Incident Cardiac Events and Sleep Disordered Breathing in Diabetic Patients

Introduction

Diabetes mellitus type 2 (T2DM) is an increasing worldwide epidemic already affecting 25.8 million individuals, representing 8.3% of the U.S. population, and including one in four Americans age 65 years and older.1 The T2DM population has a significantly higher incidence of coronary artery disease (CAD), congestive heart failure (CHF),2,3 atrial fibrillation (AF)4, and shorter lifespan frequently attributed to cardiovascular death.8 The American Diabetes Association (ADA) current guidelines,6 including performing at least annual standardized assessments of the traditional core set of cardiovascular risk factors (glycemic control, overweight/obesity, hypertension, dyslipidemia, and alcohol and tobacco use) in the adult diabetic population, are being increasingly adopted by pediatricians involved in the long-term care of diabetic children and teens.9,10 The American Cardiology Community is a long-standing partner of the ADA in cardiovascular preventive strategies, clinical care, and clinical and experimental research related to cardiac complications in patients with T2DM. While the pathology and mechanisms underlying the association between glucose homeostasis and specific myocardial dysfunction remain to be clarified,2 and cardiac service referrals are no longer recommended for routine screenings of incident cardiac events in asymptomatic diabetics at cardiovascular risk due to a previously demonstrated poor cost/benefit ratio of these interventions,6,11 the benefit of multidisciplinary efforts in recognizing and treating novel cardiovascular risk factors cannot be overstated6-8. Of those, sleep-related conditions are currently gaining increased interest and attention, due to a higher prevalence of sleep disorders (including sleep disordered breathing (SDB), reduced sleeping time, and poor sleep quality) and these conditions' associations with cardiac and cardiovascular risk, and similar patterns of association of the same conditions with glucose intolerance, insulin resistance, and diabetes,6,12,13-16 independent of other common characteristics, such as overweight /obesity17 and depression.

Diabetes, SDB and Incident Cardiac Events

SDB probably represents the most common under-recognized, therefore untreated, chronic sleep disorder worldwide.

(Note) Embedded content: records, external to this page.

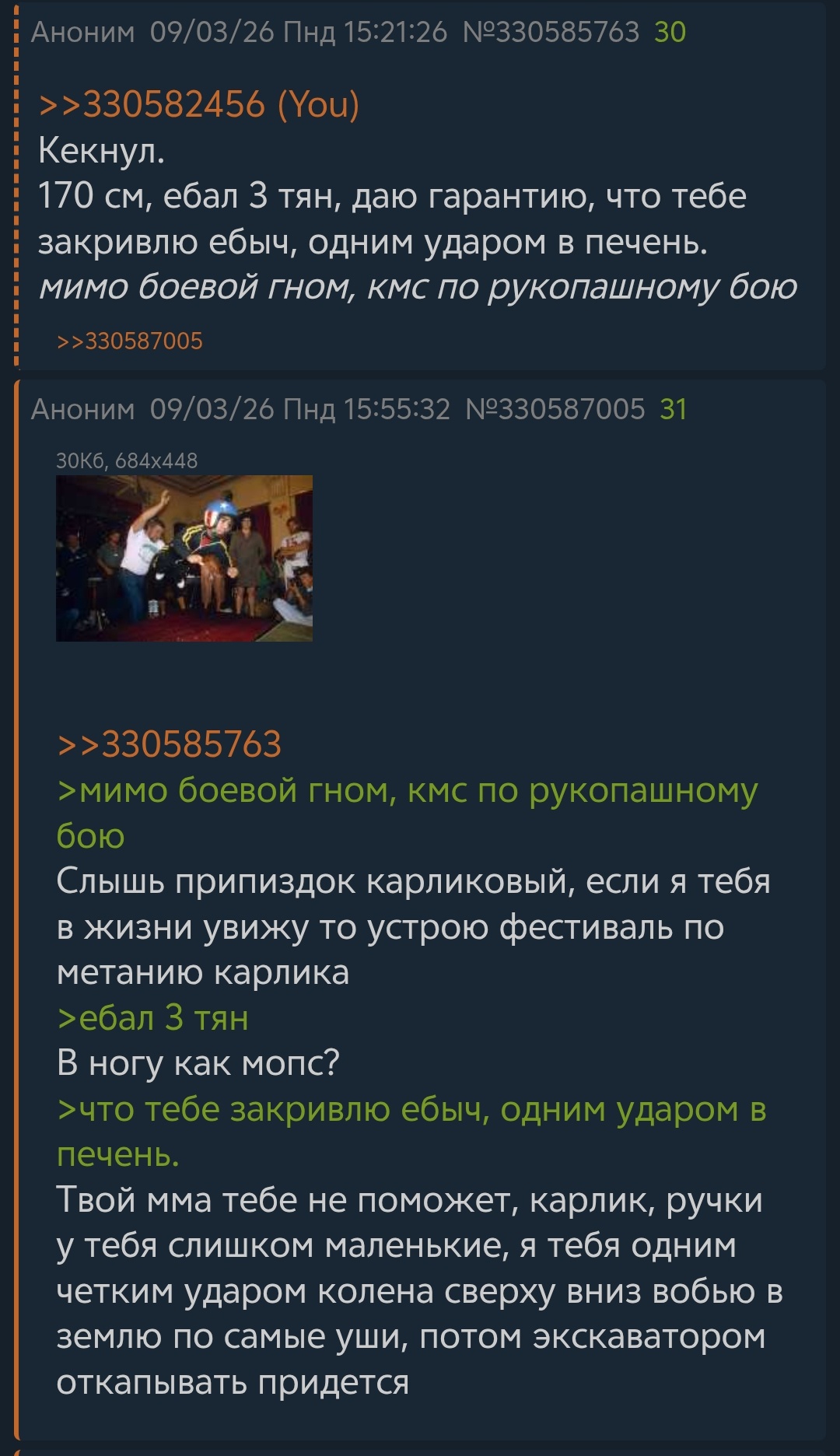 Аноны, рассудите, кто из нас прав? Почему подобные гномы думают, что они для человека нормального роста вообще какую-то опасность представляют? Ну то есть буквально припиздыш подзалупный с микро ручками, которого среди квантовой пены и заметить сложно, считает что спорт ему даёт какое-то преимущество в драке, хотя если логически подумать, комара хоть на черный пояс карате научи, он конкуренцию человеку не составляет, просто одним чапалахом отцовским сядет на жопу и заплачет. Что эти карлики о себе возомнили?
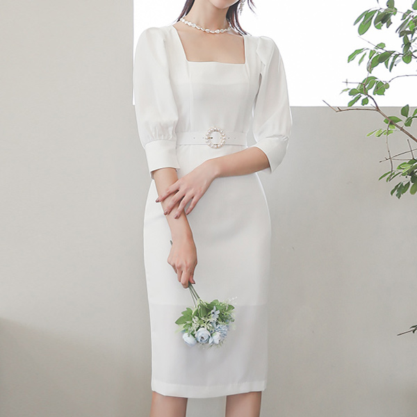 真珠輪 ベルト ディープスクエアネック バルーン袖 弾力 ワンピース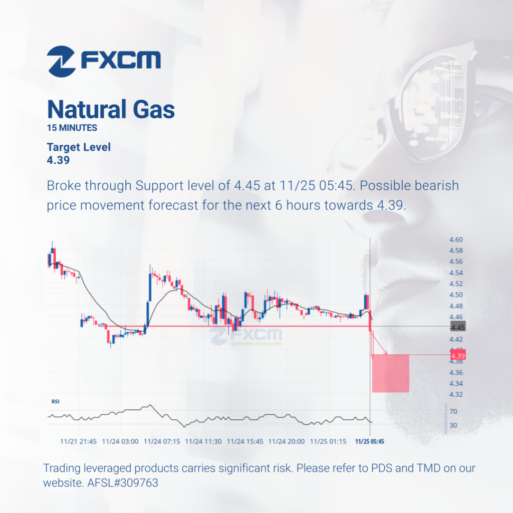 Broke through Support level of 4.45 at 11/25 05:45. Possible bearish price movement forecast for the next 6 hours towards 4.39. Past performance is not an indicator of future results. Trading leveraged products carries significant risk. Please refer to PDS and TMD on our website. AFSL#309763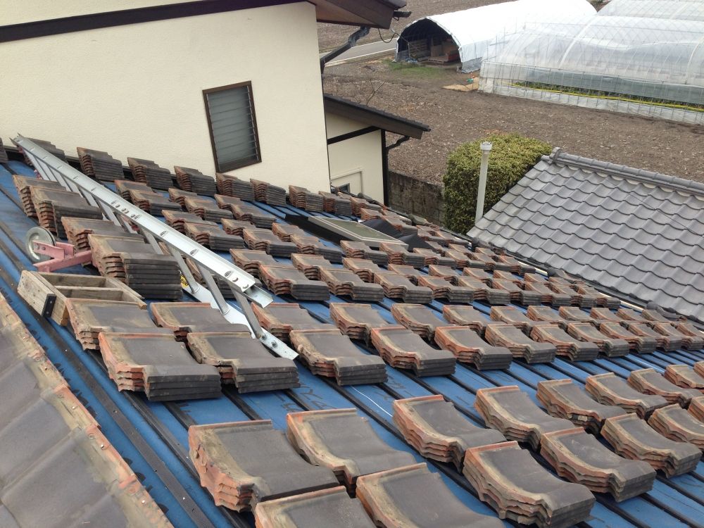 瓦屋根は大雪の日、天井を外した状態だったため、既存の瓦から雨漏りがしていることが判明した為、腐食した野地板を張り替え、瓦を積み替え致しました。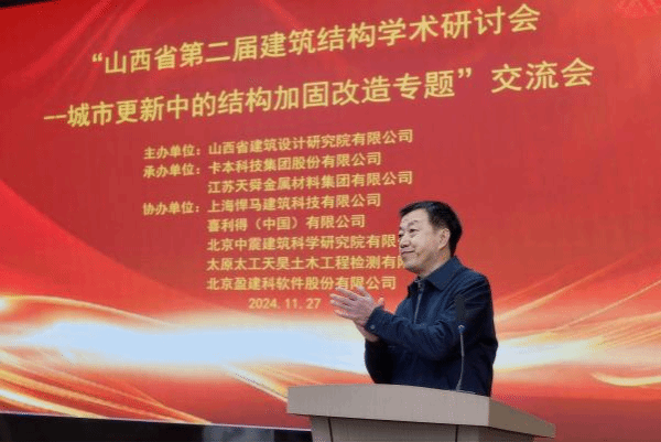 2024年11月27日,由山西省建筑设计研究院有限公司主办、卡本科技集团股份有限公司与江苏天舜金属材料集团有限公司承办、上海悍马建筑科技有限公司、喜利得(中国)有限公司、北京中震建筑科学研究院有限公司、太原太工天昊土木工程检测有限公司、北京盈建科软件股份有限公司协办的“第二届山西省建筑结构学术研讨会——城市更新中的结构加固改造专题”顺利召开。本次会议聚焦于城市更新背景下的建筑结构加固与改造技术,吸引了来自行业内的专家、学者及企业代表参与,共同探讨了结构加固改造领域的最新发展与前沿技术。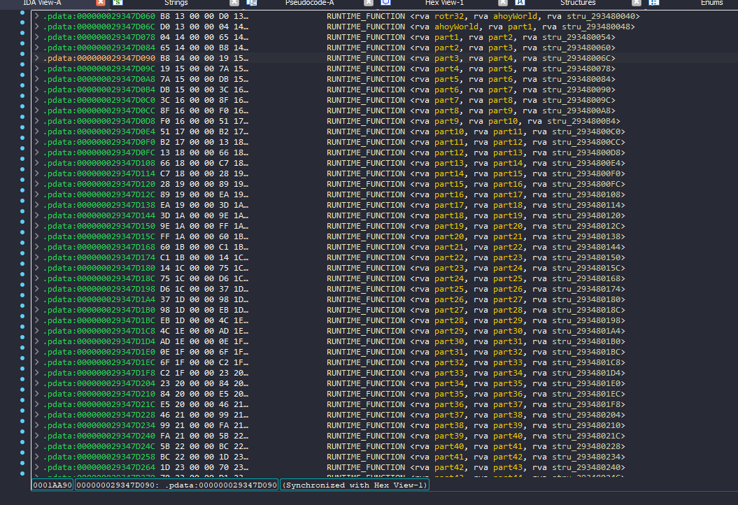 Taking a look on XREFS, I ended up in pdata section with a lot of runtime function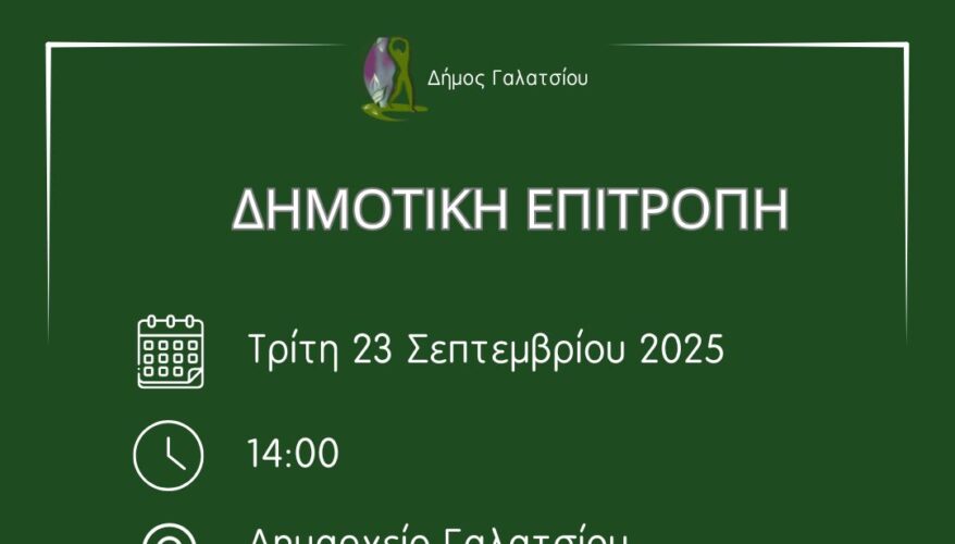 Έχοντας υπόψη τις διατάξεις του άρθρου 75 του Ν. 3852/2010 (ΚΑΛΛΙΚΡΑΤΗΣ) όπως αυτός αντικαταστάθηκε και ισχύει με τα άρθρα 8 και 9 του Ν. 5056/2023, σας καλούμε στο Δημαρχιακό Κατάστημα στην αίθουσα του Δημοτικού Συμβουλίου στη Συνεδρίαση της Δημοτικής Επιτροπής την 23η Σεπτεμβρίου 2025, ημέρα Τρίτη και ώρα 14:00, για συζήτηση και λήψη απόφασης στα παρακάτω θέματα της Ημερήσιας Διάταξης.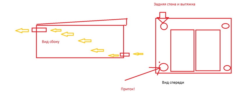 - it is necessary that the opening for the inflow was 2 times larger than for the exhaust.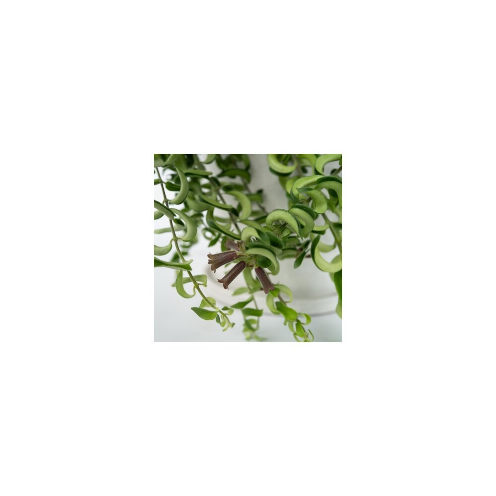 Der Aeschynanthus Twister ist eine besondere Pflanze mit langen grünen Ranken, die nach unten hängen. Die Blätter der Pflanze sind gekräuselt, daher der Spitzname "Twister". Ursprünglich stammt der Aeschynanthus aus Malaysia und anderen Gebieten in Südostasien. Hier bedeutet Aeschynanthus "Blumen, die sich schämen". Es ist nicht klar, woher dieser Name kommt, es könnte daran liegen, dass die Blumen lange Zeit verborgen bleiben oder weil die Blumen eine rote Farbe haben. Die Blüten der Pflanze sind röhrenförmig und rötlich-orange, wodurch sie einem Lippenstift sehr ähnlich sehen. Der Spitzname des Aeschynanthus Twister lautet daher "Die Lippenstiftpflanze". Der Aeschynanthus Twister ist eine Pflanze tropischen Ursprungs. Aus diesem Grund bevorzugt es viel Licht, aber keine volle Sonne. Darüber hinaus reagiert die Lippenstiftpflanze sehr empfindlich auf zu viel Wasser. Daher ist es am besten, die Pflanze nicht zu stark zu gießen, sondern die Blumenerde zwischen den Wassergaben austrocknen zu lassen. Im Winter hält die Pflanze eine Art Winterschlaf, sodass sie nicht blüht, aber im Frühling blüht sie sehr leicht! Gut zu wissen ist auch, dass der Aeschynanthus Twister nicht giftig ist. Im Regenwald kann er bis zu 3 Meter hoch werden, im Wohnzimmer kommt er aber nicht so weit.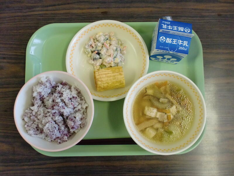 ゆかりご飯 エビボールスープ 豆サラダ ウィンナー入り卵焼き です。
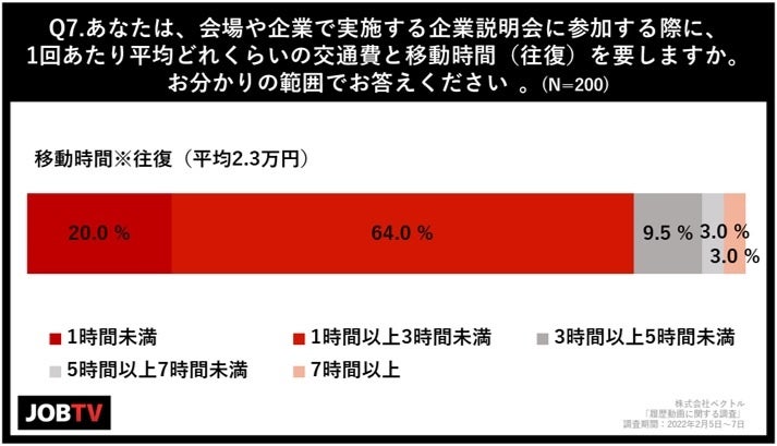 Q7.「あなたは、会場や企業で実施する企業説明会に参加する際に、 1回あたり平均どれくらいの交通費と移動時間(往復)を要しますか。 お分かりの範囲でお答えください。(n=200)」と質問したところ、が「1時間未満」、が「1時間以上3時間未満」、が「3時間以上5時間未満」、が「5時間以上7時間未満7時間以上」と回答し、平均は2.3時間という結果になりました。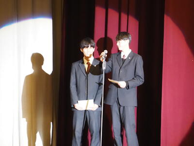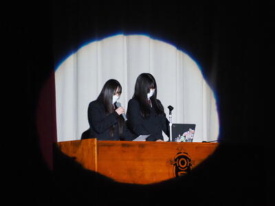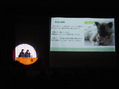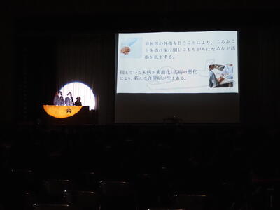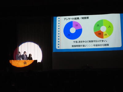 1月21日(水)、3年生が取り組んできた総合学習の研究発表として、学習成果発表会を実施しました。生徒一人ひとりが自ら研究テーマを設定し、課題解決に向けて探究を重ねてきた学習の成果の中から、選ばれた代表者が、全校生徒の前で発表しました。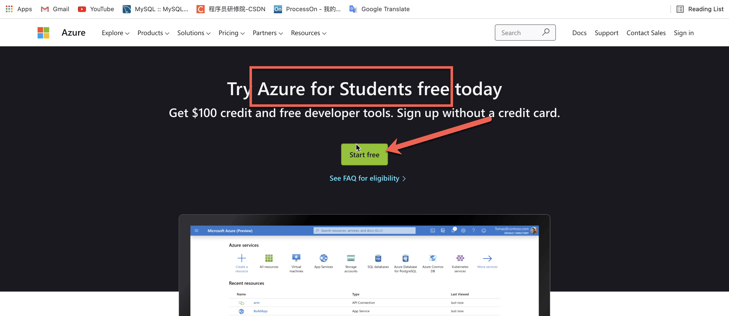 是面向学生的套餐,可提供 100 美元的额度和免费的开发人员工具。 此外,无需信用卡即可注册。

Previous articles in this series18-21 have already reviewed emerging epidemiological and clinical evidence linking SDB with hypertension, CAD, CHF, AF22-31 and SDB with diabetes and insulin resistance.13 This short review aims to increase the cardiology community's interest in causal association research of the independent role of SDB on new onset cardiac disease in asymptomatic T2DM patients, a topic largely unstudied to date.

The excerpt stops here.